** Instructions to follow **
Starting at the line with "爱屋及屋 2026新款泡芙棉夏被夏凉被空调被四件套 满天星" and ending at the line with "애플이 최근 배포한 애플워치", print exactly the lines of the entries below. Pictures do not belong in the copy.

** Records provided **
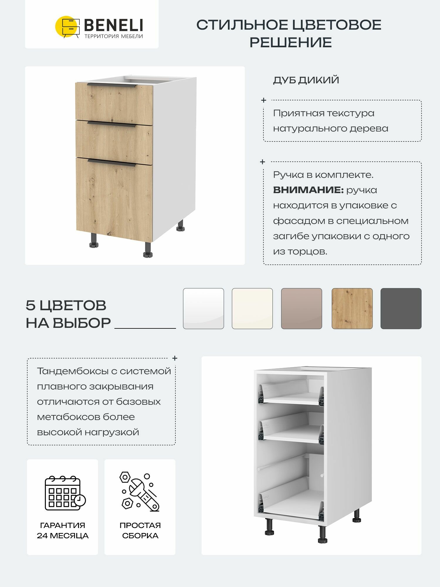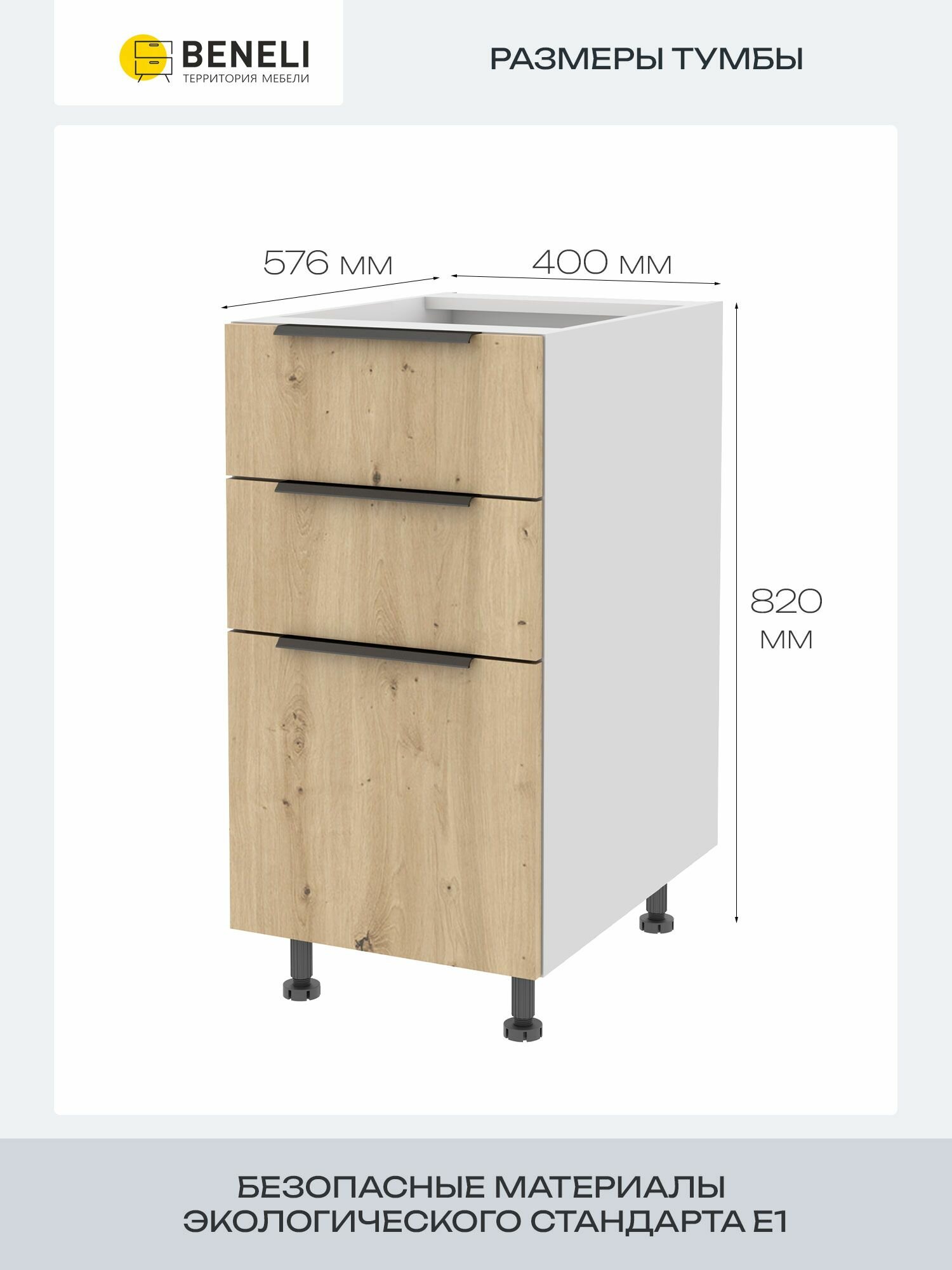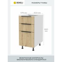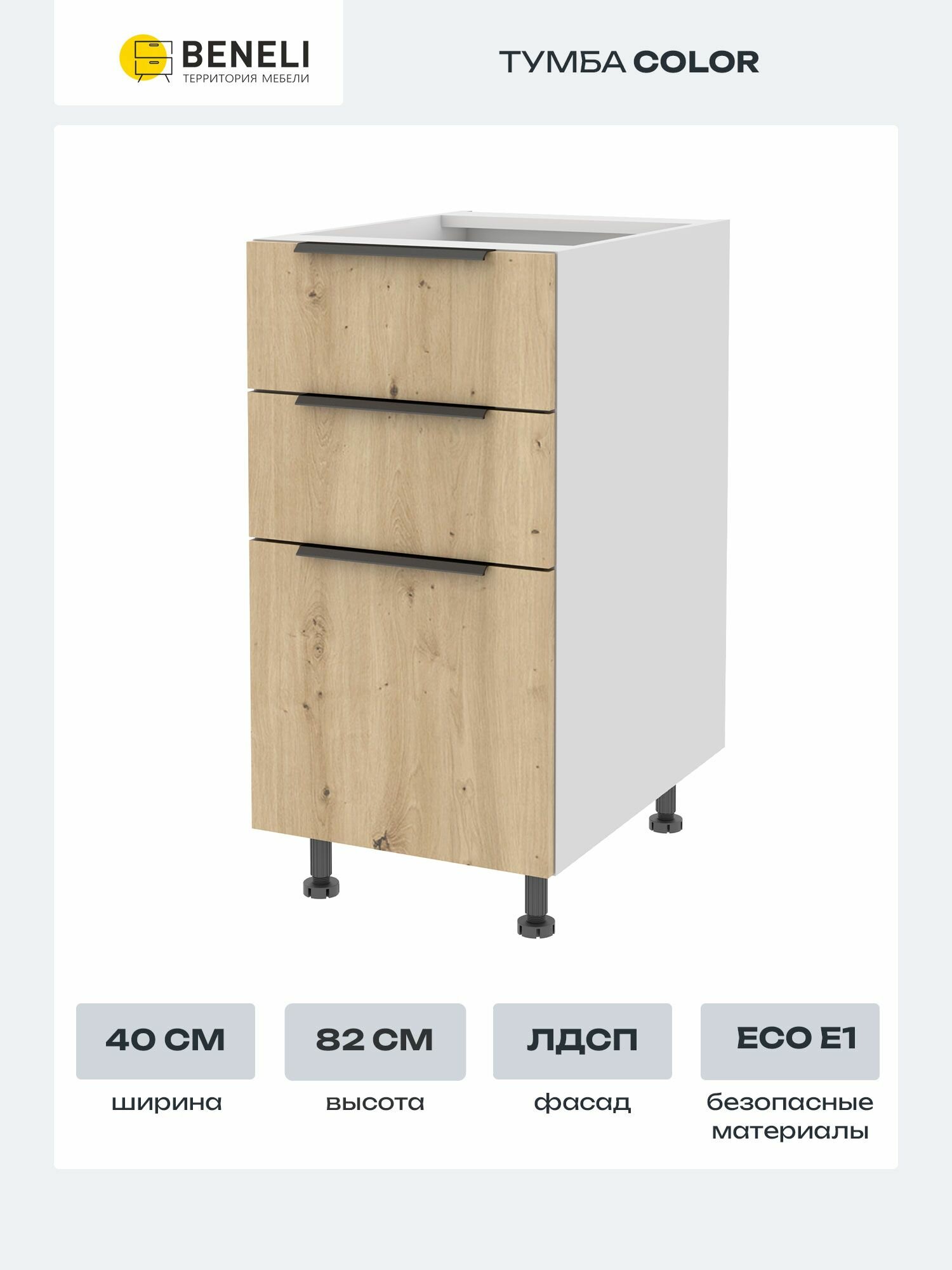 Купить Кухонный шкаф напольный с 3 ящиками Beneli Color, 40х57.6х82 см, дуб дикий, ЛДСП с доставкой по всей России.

==

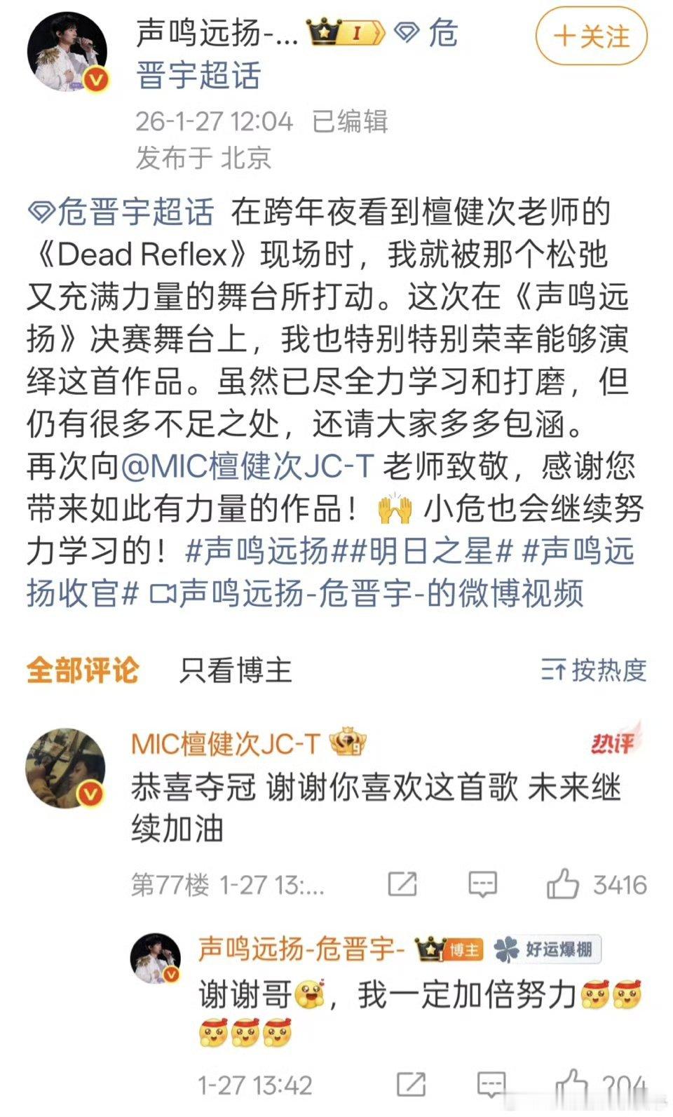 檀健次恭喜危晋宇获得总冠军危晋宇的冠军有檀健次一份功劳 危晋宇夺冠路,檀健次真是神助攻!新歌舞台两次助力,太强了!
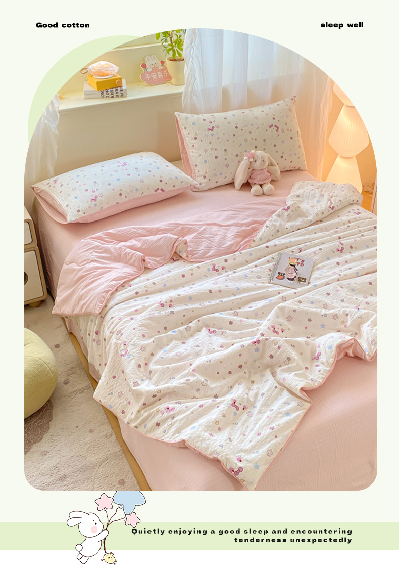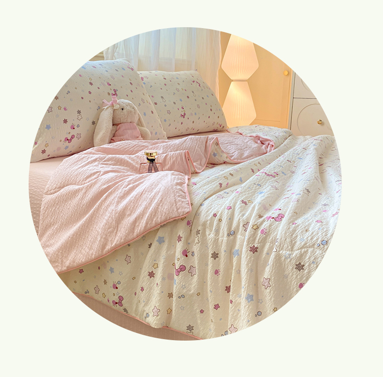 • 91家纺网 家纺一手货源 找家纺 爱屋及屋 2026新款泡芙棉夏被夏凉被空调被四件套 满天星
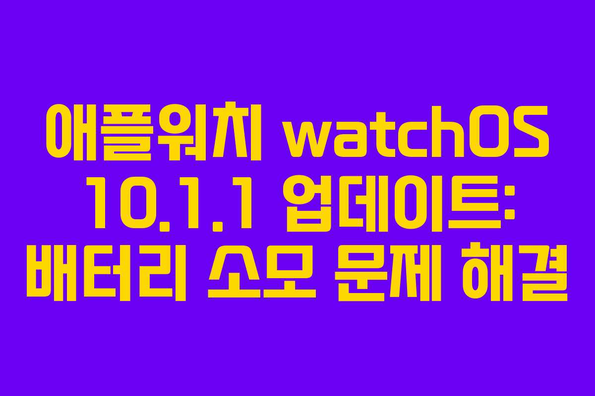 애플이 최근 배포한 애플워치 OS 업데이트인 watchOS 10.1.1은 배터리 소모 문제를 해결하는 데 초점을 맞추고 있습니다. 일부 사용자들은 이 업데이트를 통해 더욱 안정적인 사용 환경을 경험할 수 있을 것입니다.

...

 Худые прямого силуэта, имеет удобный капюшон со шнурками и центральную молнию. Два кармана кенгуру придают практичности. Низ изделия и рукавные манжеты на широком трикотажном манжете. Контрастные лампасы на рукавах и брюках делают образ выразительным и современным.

** Written solution **
 • 91家纺网 家纺一手货源 找家纺 爱屋及屋 2026新款泡芙棉夏被夏凉被空调被四件套 满天星
 애플이 최근 배포한 애플워치 OS 업데이트인 watchOS 10.1.1은 배터리 소모 문제를 해결하는 데 초점을 맞추고 있습니다. 일부 사용자들은 이 업데이트를 통해 더욱 안정적인 사용 환경을 경험할 수 있을 것입니다.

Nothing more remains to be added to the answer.